FBS Indonesia : Home /Berita Ekonomi /Pegawai pajak atas tidak puas dengan hasil tax amnesty

Pegawai pajak atas tidak puas dengan hasil tax amnesty

Perpajakan Dirjen Ken Dwijugeasteadi mengatakan dia tidak puas dengan hasil putaran pertama program amnesti pajak meskipun telah mengumpulkan Rp 97200000000000 (US $ 7490000000) dalam penebusan atau 58,99 persen dari sasaran target Rp165 triliun.

Ken menjelaskan hanya 2,09 persen dari 20,1 juta wajib pajak berpartisipasi dalam putaran pertama program pengampunan pajak, yang berakhir pada 30 September

Dia mengatakan 20 juta wajib pajak diharapkan akan berpartisipasi dalam dua periode berikutnya dari program amnesti pajak, yang pemerintah harapkan bisa memacu pertumbuhan ekonomi.

“Dengan fakta dan data yang menunjukkan bahwa kami mampu mengumpulkan Rp 97 triliun dalam waktu tiga bulan pertama, sebuah prestasi yang dianggap sebagai program amnesti pajak yang paling sukses di dunia, saya masih belum puas.

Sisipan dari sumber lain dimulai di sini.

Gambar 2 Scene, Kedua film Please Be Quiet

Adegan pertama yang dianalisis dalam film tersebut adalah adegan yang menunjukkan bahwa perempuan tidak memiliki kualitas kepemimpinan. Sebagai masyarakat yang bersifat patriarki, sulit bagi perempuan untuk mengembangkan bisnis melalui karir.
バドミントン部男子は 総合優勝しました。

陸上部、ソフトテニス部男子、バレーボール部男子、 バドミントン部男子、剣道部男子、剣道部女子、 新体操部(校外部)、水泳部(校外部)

Ini harus sepuluh kali lebih tinggi dari Rp 97 triliun, maka saya akan puas, “kata Ken wartawan di Jakarta baru-baru ini.

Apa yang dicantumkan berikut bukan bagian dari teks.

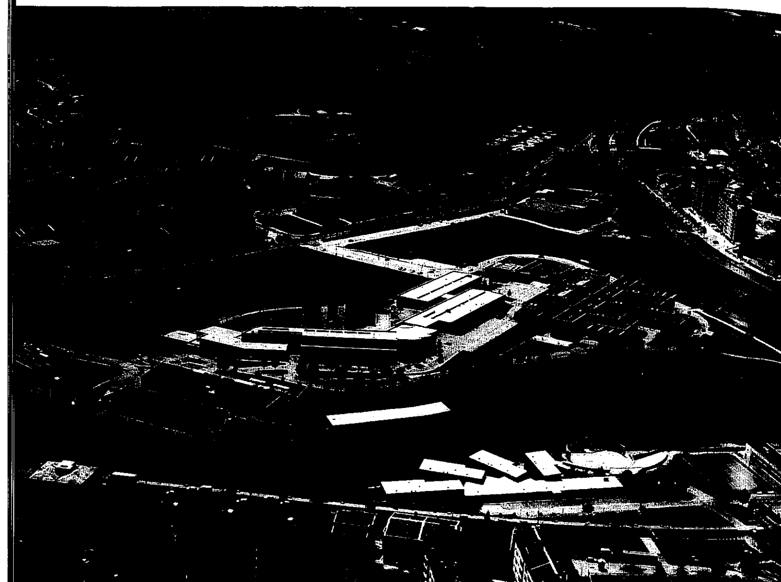
Campus do Instituto Politécnico de Bragança

38 por cento e em 2008, 10 por cento. Filhos bastardos de Minerva!

Dia mengatakan sebagian besar aset dinyatakan berada aset likuid, sebesar Rp 1,3 kuadriliun atau 37 persen dari total aset. Itu terdiri dari Rp 999000000000000 senilai aset menyatakan dari dalam negeri, Rp 96740000000000 aset yang direpatriasi dan Rp 280 triliun aset dinyatakan dari luar negeri.

“Jadi saat ini, Rp 1.300 triliun dana yang menganggur di bank,” jelas Ken.

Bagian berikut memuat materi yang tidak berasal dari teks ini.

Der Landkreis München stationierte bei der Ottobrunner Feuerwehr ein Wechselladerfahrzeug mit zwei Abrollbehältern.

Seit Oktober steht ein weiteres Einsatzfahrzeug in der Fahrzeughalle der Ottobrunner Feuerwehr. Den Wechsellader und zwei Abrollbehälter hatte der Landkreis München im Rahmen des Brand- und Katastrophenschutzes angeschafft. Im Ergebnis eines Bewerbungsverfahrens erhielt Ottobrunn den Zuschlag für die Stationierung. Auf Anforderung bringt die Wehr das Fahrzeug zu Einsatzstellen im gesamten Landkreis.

Dia lebih lanjut mengatakan bahwa dalam periode kedua pelaksanaannya, selain dari mengejar ikan besar yang belum berpartisipasi dalam program amnesti pajak, Kantor Pelayanan Pajak akan menjangkau wajib pajak dari usaha kecil menengah (UKM), saat ini hanya sekitar 54.000 dari total 367.464 wajib pajak UKM telah berpartisipasi dalam program ini.